(SUPPLIED RECORDS begins)

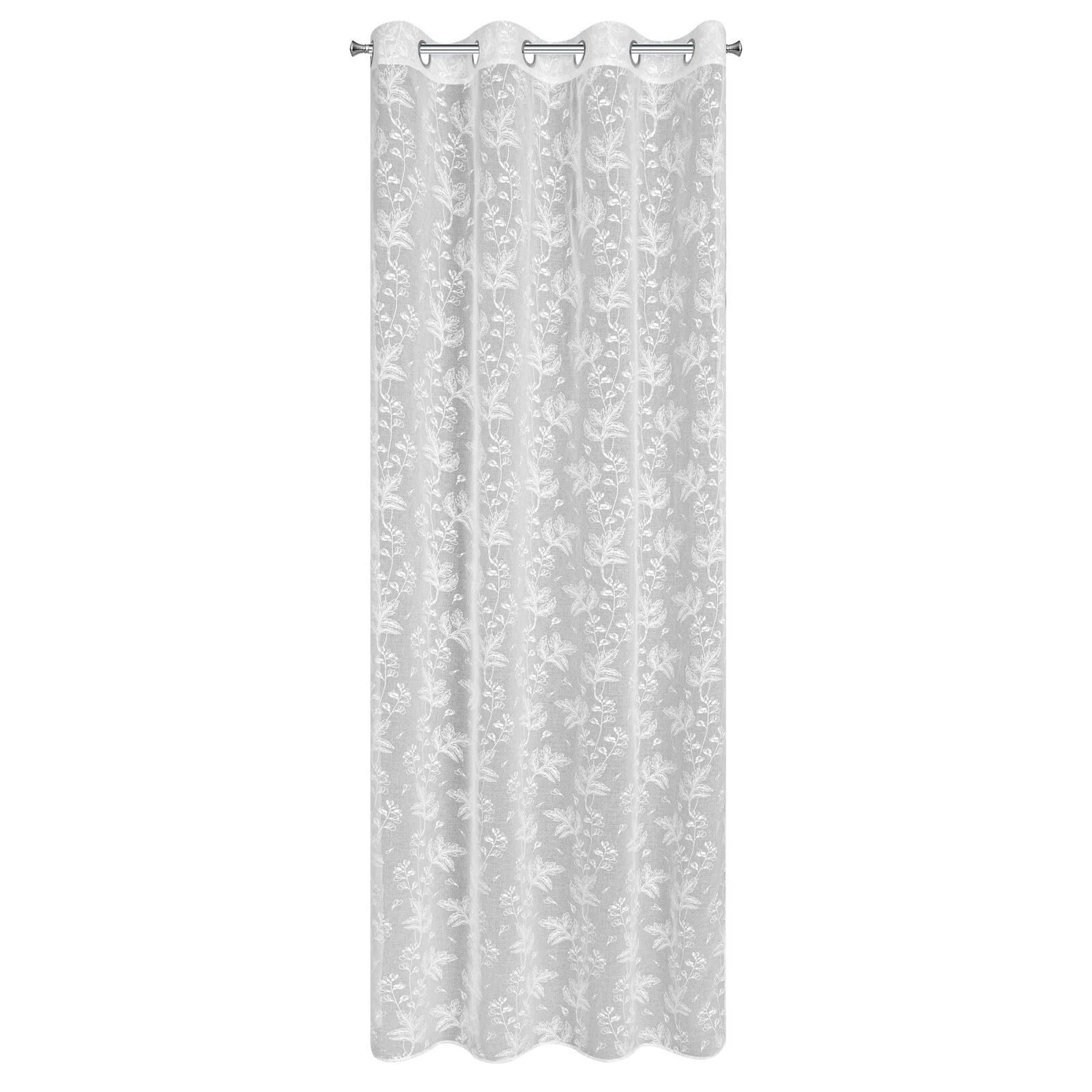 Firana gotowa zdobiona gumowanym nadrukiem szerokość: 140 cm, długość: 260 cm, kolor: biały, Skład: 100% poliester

(SUPPLIED RECORDS ends)
(SUPPLIED RECORDS begins)

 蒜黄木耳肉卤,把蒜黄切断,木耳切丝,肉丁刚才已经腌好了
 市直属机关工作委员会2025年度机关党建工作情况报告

(SUPPLIED RECORDS ends)

HOW TO COMPLETE THIS TASK:
Using the entries above, give again exactly the lines from the line holding "蒜黄木耳肉卤,把蒜黄切断,木耳切丝,肉丁刚才已经腌好了" through the line holding "市直属机关工作委员会2025年度机关党建工作情况报告". Include both end lines and nothing else.

RESPONSE BOX:
 蒜黄木耳肉卤,把蒜黄切断,木耳切丝,肉丁刚才已经腌好了
 市直属机关工作委员会2025年度机关党建工作情况报告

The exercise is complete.